### YOUR ASSIGNMENT
Give again, word for word, each line below starting at the one that contains "R&M Richards Duster" and ending at the one that contains "Set of cloud".

### MATERIAL FOR THIS TASK
-----
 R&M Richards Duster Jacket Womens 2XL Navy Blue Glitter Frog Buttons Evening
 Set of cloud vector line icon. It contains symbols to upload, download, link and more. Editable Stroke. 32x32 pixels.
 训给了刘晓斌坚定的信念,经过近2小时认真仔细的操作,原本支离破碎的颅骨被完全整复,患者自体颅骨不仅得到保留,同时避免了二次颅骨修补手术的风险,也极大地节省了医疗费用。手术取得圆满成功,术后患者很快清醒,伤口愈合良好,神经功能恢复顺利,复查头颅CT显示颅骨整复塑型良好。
-----
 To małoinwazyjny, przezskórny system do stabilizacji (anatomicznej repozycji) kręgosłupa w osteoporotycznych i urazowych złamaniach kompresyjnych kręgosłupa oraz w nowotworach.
-----
### YOUR RESPONSE
 R&M Richards Duster Jacket Womens 2XL Navy Blue Glitter Frog Buttons Evening
 Set of cloud vector line icon. It contains symbols to upload, download, link and more. Editable Stroke. 32x32 pixels.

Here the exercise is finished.